Memorandum: Supreme Court erred in denying that part of the motion of defendant Bernier, Carr & Associates, P.C. (Bernier Carr) seeking summary judgment dismissing the negligence cause of action against it. Plaintiff purchased property in Watertown leased to defendant Wal-Mart Stores, Inc. (Wal-Mart) to house a Sam’s Club. Bernier Carr was the local architect and engineer retained by the builder to perform “site work.” In addition, Bernier Carr was retained by the bank financing the project to perform monthly inspections with respect to the disbursements of the construction loan. Bernier Carr signed a “Certificate of Substantial Completion” (certificate) at the request of the owner of the premises, defendant 81 & 3 of Watertown, Inc. (81 & 3), from whom plaintiff’s predecessor in interest purchased the property. The certificate was presented at the sale of the property from 81 & 3 to plaintiff’s predecessor in interest as part of the closing documents. Shortly after plaintiff’s purchase of the property, the tenant, Wal-Mart, complained to plaintiff regarding certain defects in the building that housed the Sam’s Club store. Plaintiff thereafter commenced this action alleging, inter alia, that Bernier Carr is liable for negligently misrepresenting that the building was “substantially completed in accordance with the Plans, upon which said Building Permit was issued.”
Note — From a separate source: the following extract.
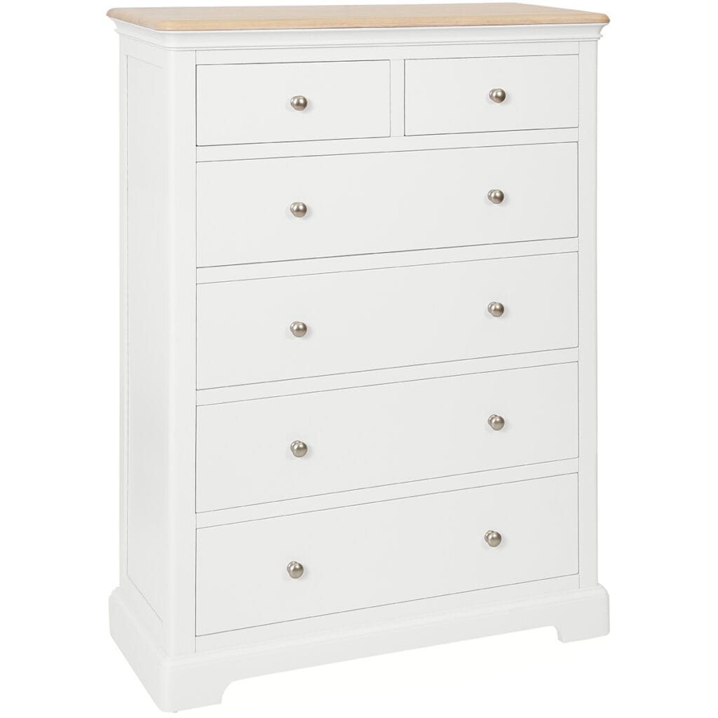 The Cornwall White Painted 2 Over 4 Chest brings a calm and welcoming feel to the bedroom. It offers two smaller drawers at the top for accessories and everyday items, with four larger drawers beneath for folded clothes and bulkier pieces. The shape is tall and elegant, and the top surface is well sized for a lamp, framed photographs, books or a mirror.

*854The court erred in refusing to dismiss the negligence cause of action against Bernier Carr based on its determination that. there is an issue of fact whether the requisite functional equivalent of privity exists between plaintiff and Bernier Carr so as to permit recovery for pecuniary loss arising from negligent misrepresentation (cf. Kidd v Havens, 171 AD2d 336, 338-342). We conclude that Bernier Carr met its initial burden by establishing as a matter of law that the relationship between Bernier Carr and plaintiff was not the functional equivalent of privity, and plaintiff failed to raise an issue of fact (see generally Zuckerman v City of New York, 49 NY2d 557, 562). “In defining a defendant’s duty to plaintiff in circumstances in which the parties are not in privity, the focus is upon the nature of the transaction. * * * [I]n order for liability to attach, there must be: ‘(1) awareness that the [certificate was] to be used for a particular purpose or purposes; (2) reliance by a known party or parties in furtherance of that purpose; and (3) some conduct by the defendant [ ] linking [it] to [plaintiff] and evincing defendant’s * * * understanding of [plaintiff’s] reliance.’ * * * [F]or defendant[ ] to be liable, reliance by plaintiff upon the representation must be ‘the end and aim of the transaction,’ rather than an ‘indirect or collateral’ consequence of it” (Kidd, 171 AD2d at 339; see State of California Pub. Employees’ Retirement Sys. v Shearman & Sterling, 95 NY2d 427, 434; Prudential Ins. Co. of Am. v Dewey, Ballantine, Bushby, Palmer & Wood, 80 NY2d 377, 382, rearg denied 81 NY2d 955; Ossining Union Free School Dist. v Anderson LaRocca Anderson, 73 NY2d 417, 424). Bernier Carr established that the certificate was prepared for 81 & 3 in order to obtain authorization from Jefferson County to occupy the building and that Bernier Carr was not aware that the certificate would be used for the benefit of a subsequent purchaser (cf. Kidd, 171 AD2d at 341-342). Contrary to the contention of defendant Edgewater Construction Company, Inc., the fact that it may have been foreseeable that a purchaser would rely upon the certificate is not dispositive of this issue (see Anderson LaRocca Anderson, 73 NY2d at 424-425).
We have considered the remaining contentions of the parties and conclude that they are without merit. Present—Green, J.P., Wisner, Hurlbutt, Scudder and Lawton, JJ.